(1930?-) Brilliant electrical engineer and founder of ARP Instruments. Pearlman graduated from Worcester Polytechnic Institute in 1948, the same year that he wrote a term paper speculating on possible designs for future music synthesizers. However, he did not go into the music business right away; after graduation he joined the electronics firm of George A. Philbrick Researches, which was doing pioneer work on pre-integrated-circuit operational amplifiers. In 1962, Pearlman and a few co-workers broke away from Philbrick and founded Nexus Research Labs. At Nexus, Pearlman did research on analog computing circuits using op amps. He designed some circuits used in NASA's Gemini and Apollo space capsules, and among his patents from that period was one for a circuit that is still used in analog synthesizer VCOs today.

The Nexus founders sold the company to Teledyne in 1967, and the proceeds of the sale made them wealthy. With time and money on his hands, Pearlman returned to his college-years interest in electronic music and began building synthesizer circuits. After two years, he had the basics of a modular synthesizer that could compete with Moog Music's offerings. He founded a new company, putting $100,000 of his own money into it and naming the company using his initials — Alan R. Pearlman. (He was nicknamed "Arp" when working at Philbrick; apparently nicknaming people based on their initials was a company fad, since the company's founder, George A. Philbrick, was known as "Gap".) ARP's first product, the Pearlman-designed 2500 modular synth, filled a hole in the marketplace at a time when Moog was having trouble keeping up with its orders, and ARP was an instant success.

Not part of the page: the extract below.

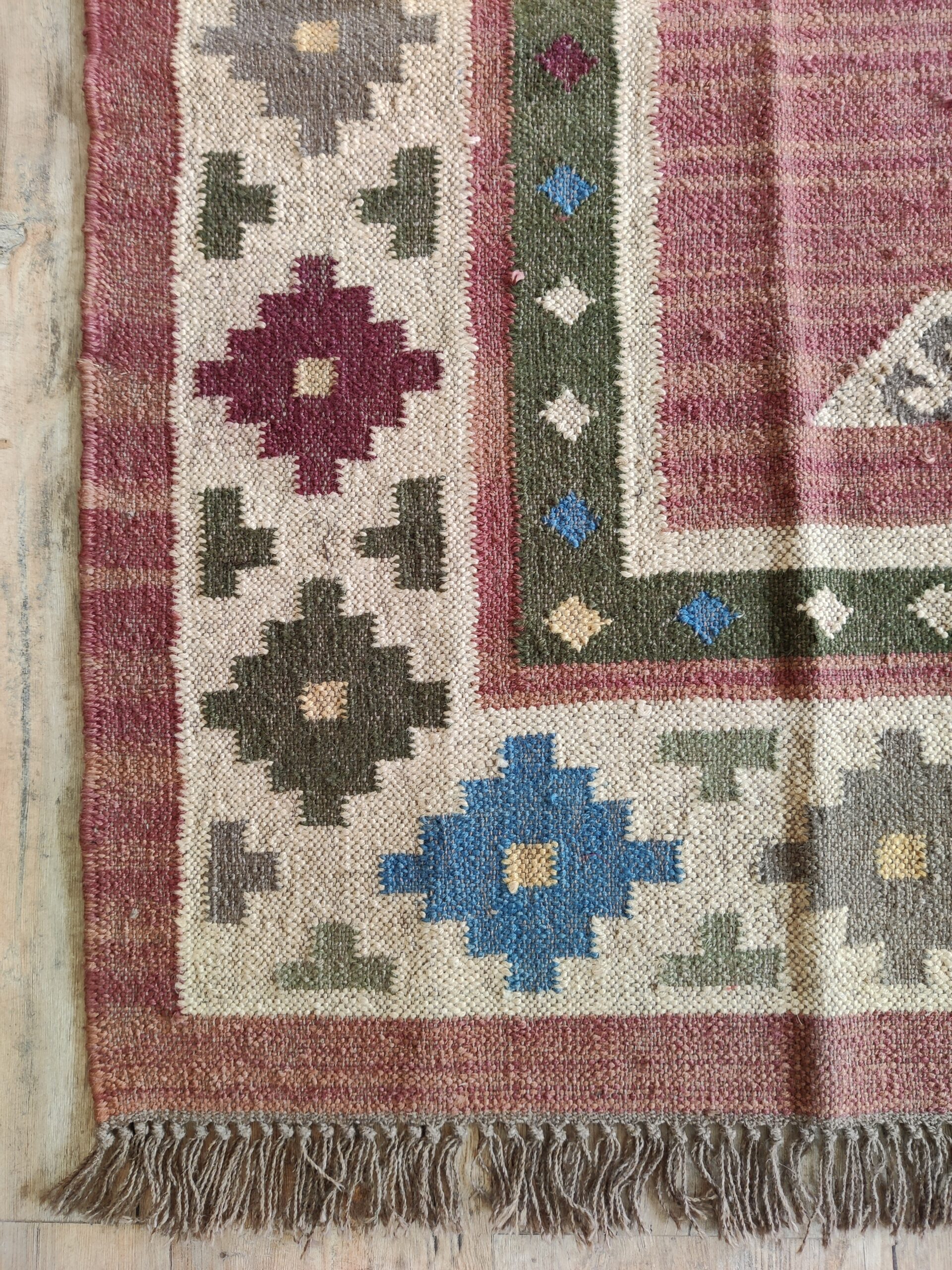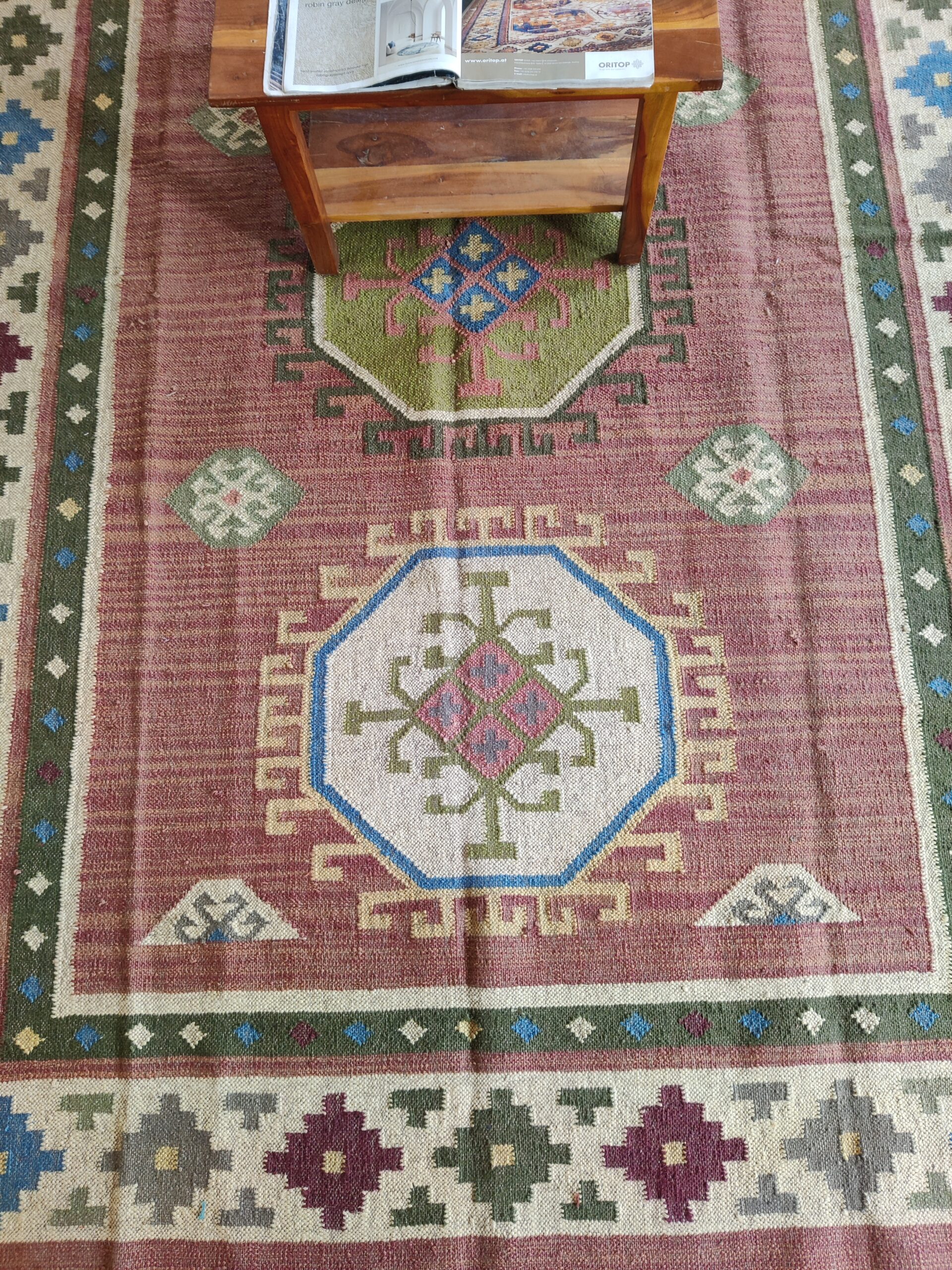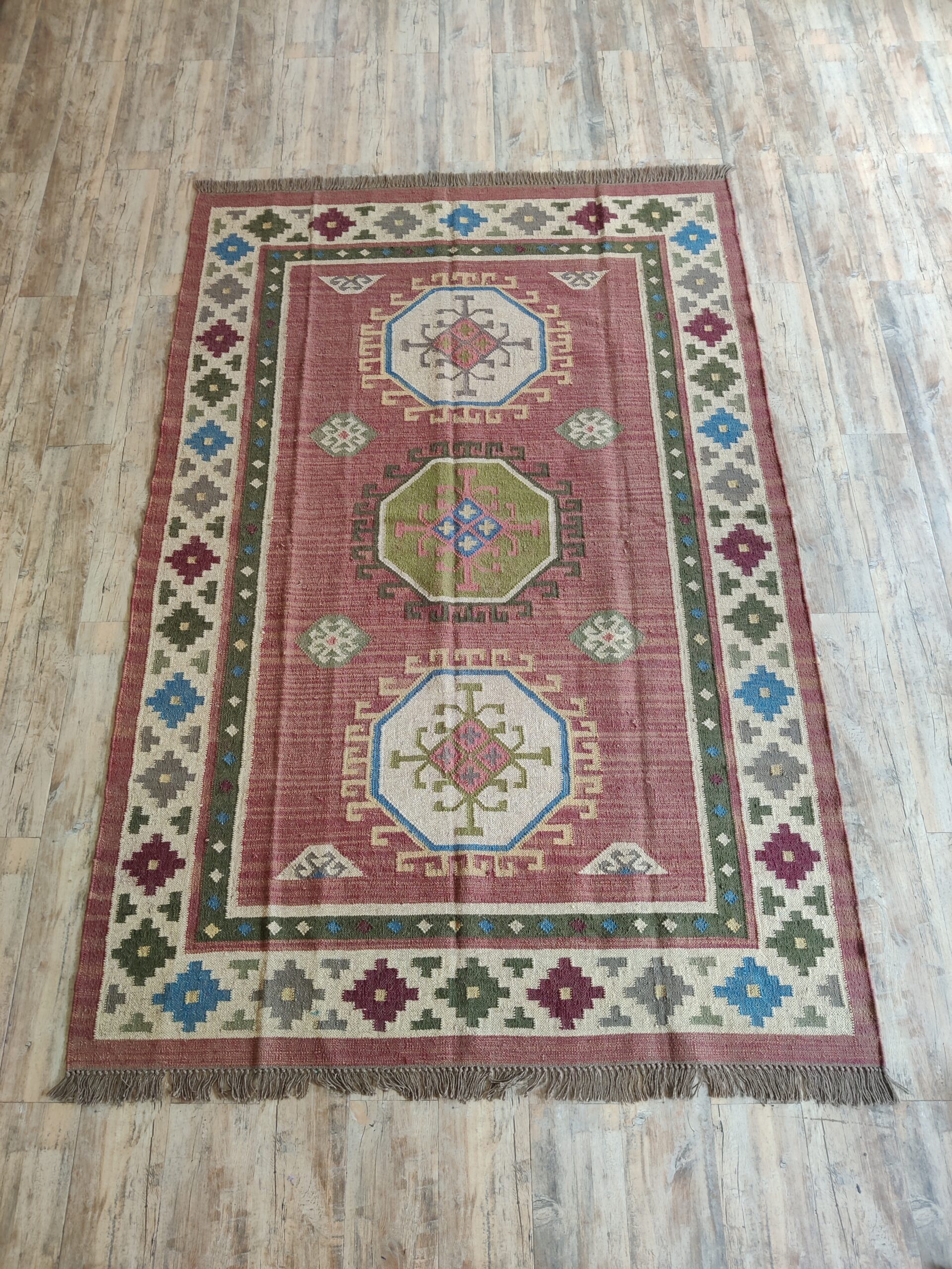Home And Living Room Wool Jute Rug, Modern Geometric Multicolor Jute Kilim Rug

Other successes followed in quick succession, including the Odyssey performance synth, the Omni string synth, and the 2600 semi-modular. But the company suffered from management problems; Pearlman did not want the responsibility of making day-to-day business decisions and a leadership struggle ensued. Also, Pearlman, by his own admission, did not relate well to the pop and rock musicians who were the company's main customers. (It is not true, however, that Pearlman did not listen to or play music; he was a classically trained pianist.) After the company went public in 1973 and established a board of directors, Pearlman found himself gradually being pushed out of a management role. Over his objections, ARP pursued the disastrous Avatar project that led to the company's financial collapse. When the company fell into bankruptcy in 1981, Pearlman was dismissed along with the rest of the management.

After ARP, Pearlman went into semi-retirement. He founded a software company called Selva Systems, but little info is available on the Internet about its activities. He emerged from retirement in 2003 to consult with soft synth maker Way Out Ware on the TimeWARP 2600, a soft synth which emulates the ARP 2600, and he has since consulted on other software emulations of ARP synths. As of December 2010 he is alive and well and living in Massachusetts.